The instructional materials for ORIGO Stepping Stones 2.0 Grade 3 meet expectations that the materials are designed so teachers and students spend time working with engaging applications of the mathematics.

Engaging applications include single and multi-step word problems presented in contexts in which the mathematics is applied. There are routine problems, and students also have opportunities to engage with non-routine application problems. Thinking Tasks found at the end of Modules 3, 6, 9, and 12, provide students with problem-solving opportunities that are complex and non-routine with multiple entry points.
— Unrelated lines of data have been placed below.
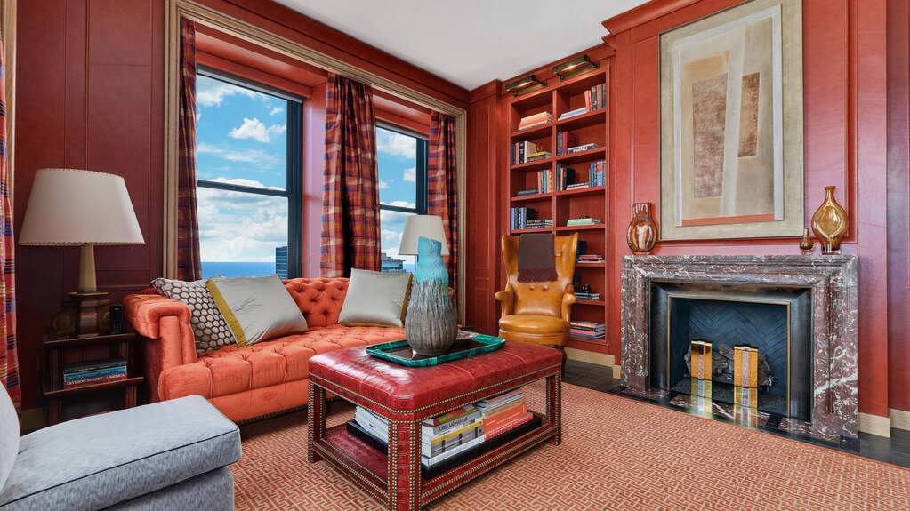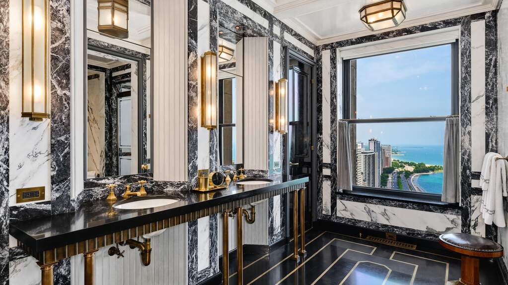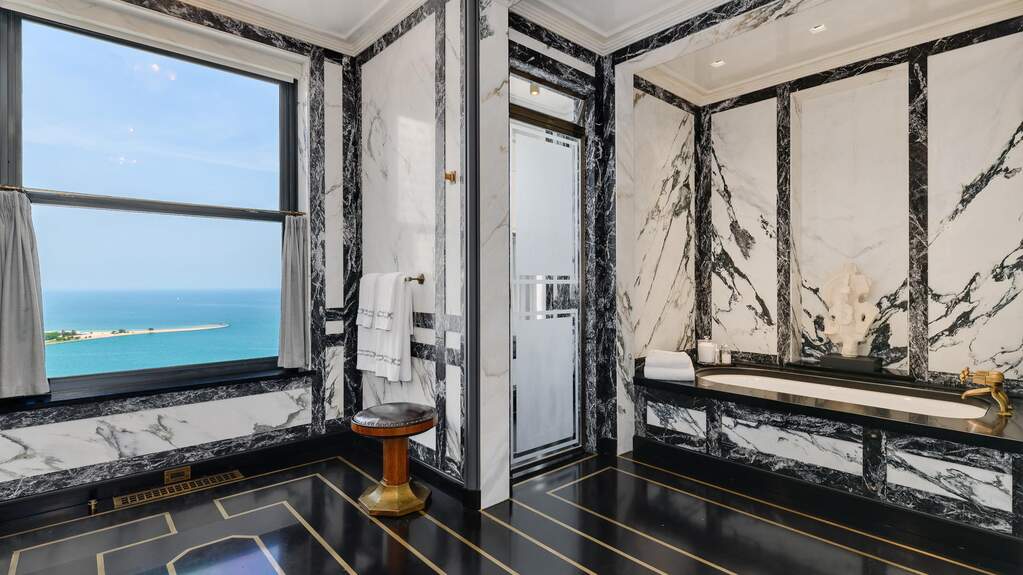 A full‑floor Art Deco residence in the landmark Palmolive Building offers 5,500 sq ft of refined living with 3 bedrooms, 3.5 baths, and a private elevator foyer for discreet arrival.
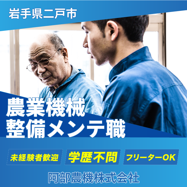 過去の先輩方は飲食店、事務職など、整備未経験の方でも入社いただけます。 企業名 阿部農機株式会社正社員求人
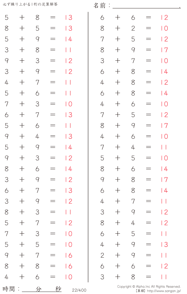 必ず繰り上がる1桁の足算 [解答]022/400
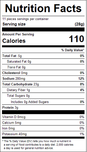 "ingredients": "Choice Blended Wheat Flour, Vegetable Shortening (Contains One Or More Of The Following: Corn, Canola, Cottonseed, Sunflower, Soybean Oil), Malt Syrup, Corn Syrup, Yeast, Salt And Soda.Contains: Wheat, Milk*, Soy* and Sesame*.<br /><br />Made with Bioengineered Ingredient(s).",

Examples of routine application problems include, but are not limited to:

  • In Module 1, Lesson 7, addresses standard 3.OA.3, “Henry cut 5 lengths of rope. Each piece was 4 meters long. What was the total length of rope?".
  • In Module 4, Lesson 6, addresses standard 3.OA.3, “32 chicken nuggets are shared equally among 8 friends. How many nuggets are in each share?”.
  • Maintaining Concepts and Skills includes some application problems and addresses standard 3.OA.8, for example Module 3, Lesson 8, “Samuel’s mom bought 3 tickets for the roller coaster. Tickets are $4 each. What was the total cost?”.
  • In Module 4, Lesson 4, addresses standard 3.OA.8, “Michelle’s grandmother gave her $40 to spend at the county fair. Michelle had 6 rides on the Mega Drop and 4 rides on the Rollercoaster. Rides on the Mega Drop cost $5 each and rides on the Rollercoaster cost $8 each. She also bought lunch for $12 at the end of the day, she has $2 left. How much of her own money did she take to the fair?”.
  • In Module 1, Problem Solving Activity 3, addresses standard 3.OA.3, “Stella has been collecting baseball cards. Every week she doubles the number of baseball cards she has. Stella has 120 cards. How many cards did she have three weeks ago? How many cards will Stella have next week?”.
  • In Module 8, Problem Solving Activity 4 has eight story problems and addresses standard 3.OA.3, “A farmer planted fruit trees in rows of 9. He planted 81 trees in total. How many rows did he plant?”.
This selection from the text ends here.